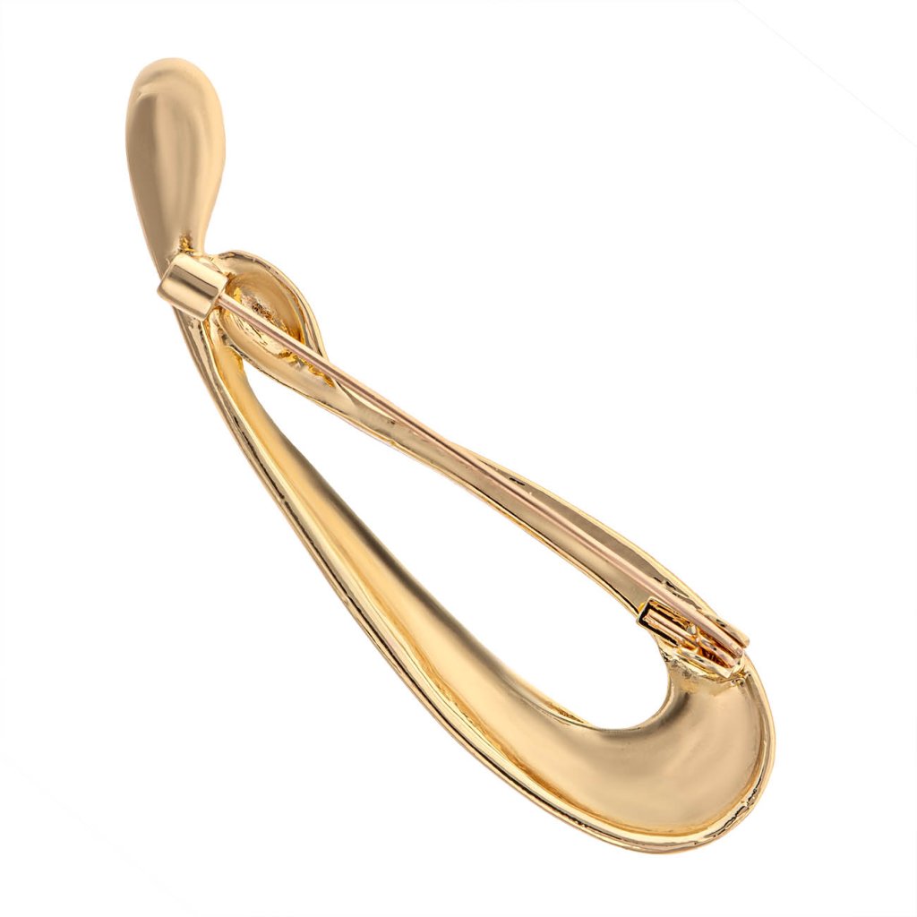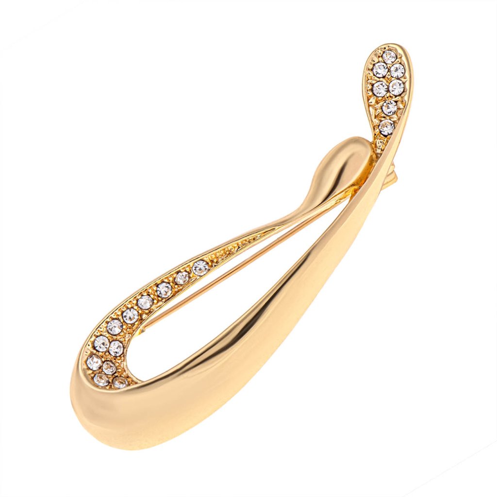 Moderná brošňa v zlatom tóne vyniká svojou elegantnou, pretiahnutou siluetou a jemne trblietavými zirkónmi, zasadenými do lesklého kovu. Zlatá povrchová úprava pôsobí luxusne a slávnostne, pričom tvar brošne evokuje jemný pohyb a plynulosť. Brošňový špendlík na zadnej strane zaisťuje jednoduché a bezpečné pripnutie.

========================

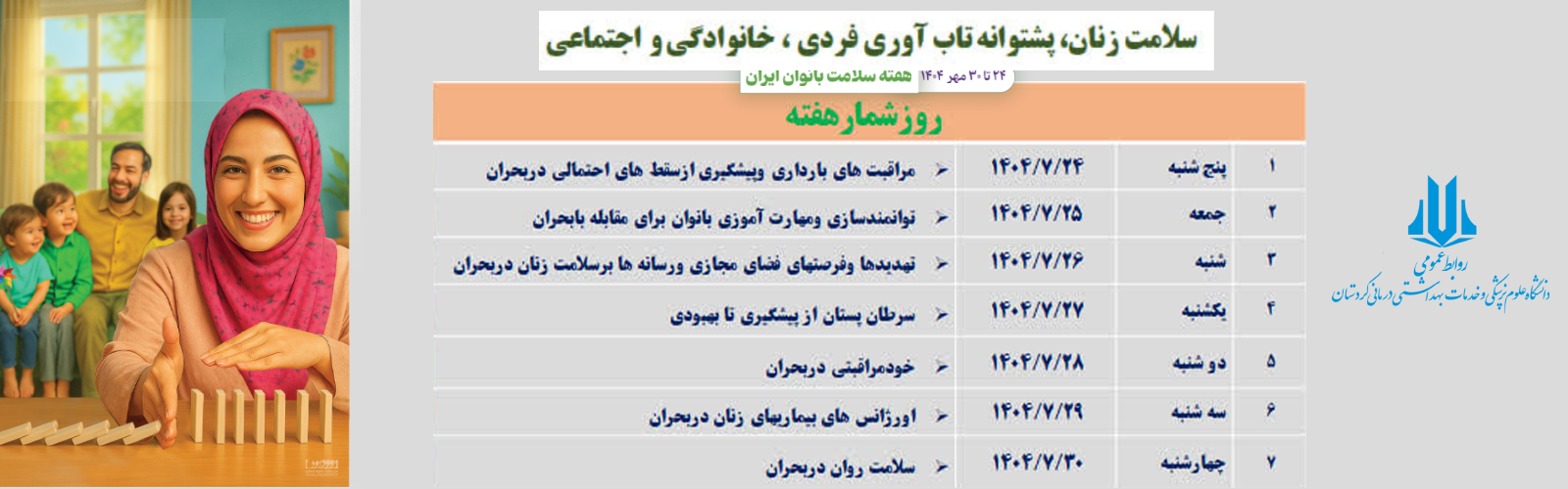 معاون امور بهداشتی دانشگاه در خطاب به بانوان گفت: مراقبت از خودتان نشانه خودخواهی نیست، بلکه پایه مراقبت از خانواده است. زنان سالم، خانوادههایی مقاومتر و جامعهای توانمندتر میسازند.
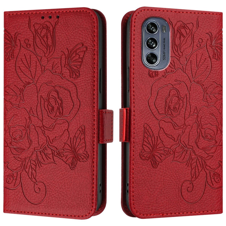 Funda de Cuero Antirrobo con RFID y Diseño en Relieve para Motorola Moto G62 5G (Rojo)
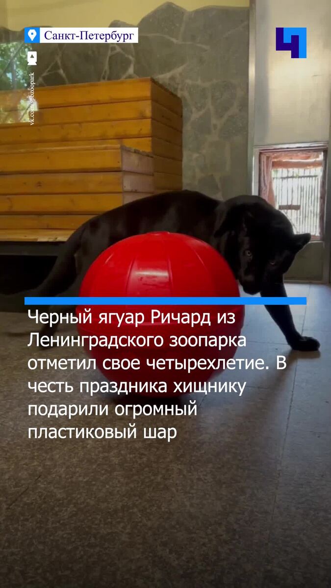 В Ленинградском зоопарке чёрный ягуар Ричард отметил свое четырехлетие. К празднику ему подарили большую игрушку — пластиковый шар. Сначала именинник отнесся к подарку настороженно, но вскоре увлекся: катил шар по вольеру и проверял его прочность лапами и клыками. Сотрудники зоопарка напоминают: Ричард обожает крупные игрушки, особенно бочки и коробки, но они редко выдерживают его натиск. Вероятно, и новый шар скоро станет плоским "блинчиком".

========================

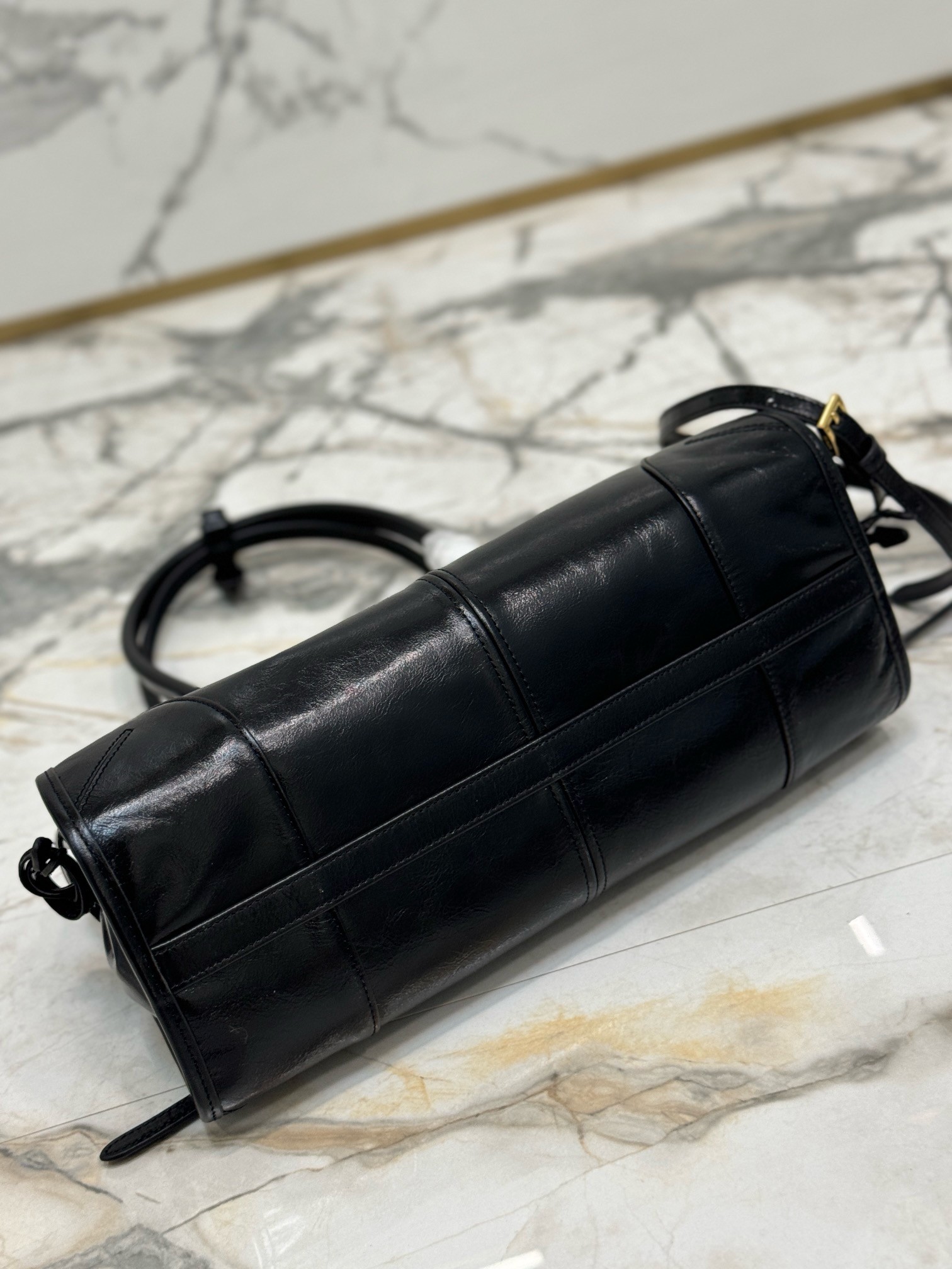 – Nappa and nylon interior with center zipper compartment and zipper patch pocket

========================

## WHAT YOU HAVE TO DO
Only the lines of the listing above from the one with "معاون امور بهداشتی" through the one with "Funda de Cuero" should be output, exactly, with both ends kept and pictures left out.

## OUTPUT BELOW
 معاون امور بهداشتی دانشگاه در خطاب به بانوان گفت: مراقبت از خودتان نشانه خودخواهی نیست، بلکه پایه مراقبت از خانواده است. زنان سالم، خانوادههایی مقاومتر و جامعهای توانمندتر میسازند.
 Funda de Cuero Antirrobo con RFID y Diseño en Relieve para Motorola Moto G62 5G (Rojo)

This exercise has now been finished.